Data Science: A Tiny Introduction
What Is Data Science?
Data Science is a multi-disciplinary field of science that combines approaches and mathematical techniques in statistics, business, and computing to produce insights and information that are useful for producing/finding solutions to a (business) problem.
There are several experts and sources that describe the process/stage of Data Science, the following is one of them. Adapted from “The Data Science Life Cycle” Berkeley School of Information.
- Capture: data acquisition, data entry, signal reception, data extraction.
- Maintain: data warehousing, data cleansing, data staging, data processing, data architecture.
- Process: data mining, clustering/classification, data modeling, data summarization.
- Analyze: exploratory/confirmatory, predictive analysis, regression, text mining, qualitative analysis.
- Communicate: data reporting, data visualization, business intelligence, decision making.
An effective data scientist can identify relevant problems precisely, gather data from various sources, organize information, translate findings into solutions, and communicate these findings positively for business decision making.
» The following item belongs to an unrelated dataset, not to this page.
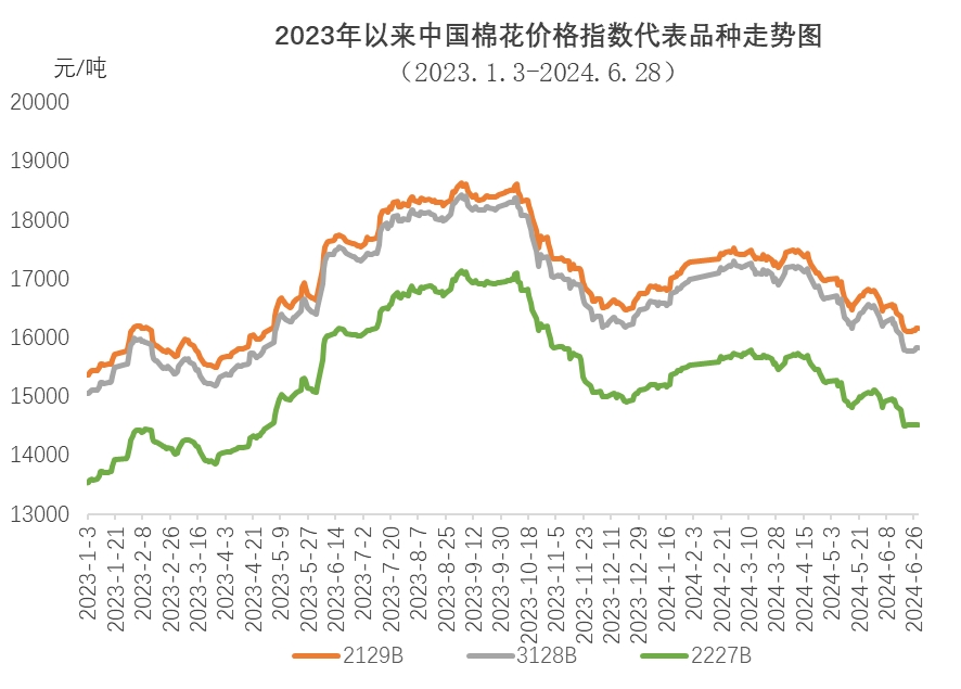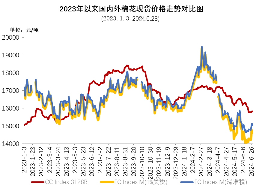 6月,國(guó)內(nèi)棉花市場(chǎng)供應(yīng)充足,紡織下游淡季氛圍濃厚,新增訂單嚴(yán)重不足,成品銷售不暢,庫(kù)存持續(xù)累積,棉紗價(jià)格下跌且走貨緩慢,庫(kù)存及資金壓力上升,原料補(bǔ)庫(kù)以逢低適量采買為主。下游需求持續(xù)不振,中國(guó)棉花價(jià)格指數(shù)震蕩下行,月下旬跌至15772元/噸,再次刷新本年度新低。同期,國(guó)際棉價(jià)月初下跌,主要受美聯(lián)儲(chǔ)維持利率不變、USDA月度報(bào)告上調(diào)產(chǎn)量等因素影響,且跌幅大于國(guó)內(nèi),內(nèi)外棉價(jià)差一度擴(kuò)大至2000元/噸左右;月度后期隨著能源、谷物市場(chǎng)上漲,國(guó)際棉價(jià)有所回升,內(nèi)外棉現(xiàn)貨價(jià)差有所縮小。

Implementation of Data Science
Currently Data Science has been applied in various fields. Starting from the marketing process, telecommunications, transportation, to government and Smart City. Some of these implementations can be described as follows:
Data Science in Marketing
In the field of marketing, Data Science can be used to gather valuable information for marketers, such as accurate customer data, to further determine the basis for effective marketing strategies. Some examples of implementation include:
- Efficient marketing budget. By analyzing marketer expenditure and acquisition data, a data scientist can build a budgeting model that can better regulate budgets that evenly distribute budgets in various locations, channels, and promotion strategies.
- Targeting the right audience. Data science can help marketing in determining the right target customers from data collected from various sources, such as economic profile analysis, interests, purchase history, and other demographic data.
- Determine effective channels. Data science can function to analyze the most appropriate promotion/marketing channels, so that marketers can focus strategies on the right channels and allocate resources more efficiently.
Data Science in Entertainment
One example of the application of Data Science in the Entertainment industry is on Netflix. Netflix is an internet-based provider of video entertainment content streaming. To provide the right shows for its customers, Netflix provides customized recommendations according to specific customer data, such as watch history, location, age, and movie preference options.
At present Netflix has 150 million subscribers, which surely with such a large amount will produce large data to be analyzed, as well as provide adequate insights to provide the best service.
Some Data Science innovations on Netflix include (Shah, 2019):
- Netflix’s Data Scientist & Engineers build models to predict “perfect situation” in which, customers continuously receiving the programs they enjoy. To do so, it assigns users to 3–5 different clusters among more than 1300 clusters, based on their viewing preferences.
- Using Data Science techniques, Netflix Service created 76,897 unique ways to describe types of movies. These are called “alt-genres” which is what leads to Netflix’s Scarily specific movie/show suggestions.
- Cover image personalization. Netflix models the shows’ cover image on the colors and styles for successful similarly tagged programs. Also, they try with different versions of cover images to find out which one is more effective for the user.
Data Science in Transportation
An example of the next application of data science is in the transportation industry. One of the companies that is superior and applies data science technology in the field of transportation is Uber. Uber has a massive database of drivers and customers. All this data is stored and used to predict supply and demand, and also set rates. They are also able see how to transport in various cities efficiently and try to set a route with traffic and hazzles.
With data science, Uber can also monitor the speed and acceleration for its drivers, making it easier for drivers to work for competing companies (like Lyft). All data is collected, grouped, analyzed, and used to predict everything from customer waiting times, to how drivers must carry themselves through a strategic map to take advantage of the best prices and produce many passengers. All data processing is implemented in real-time, both for drivers and passengers.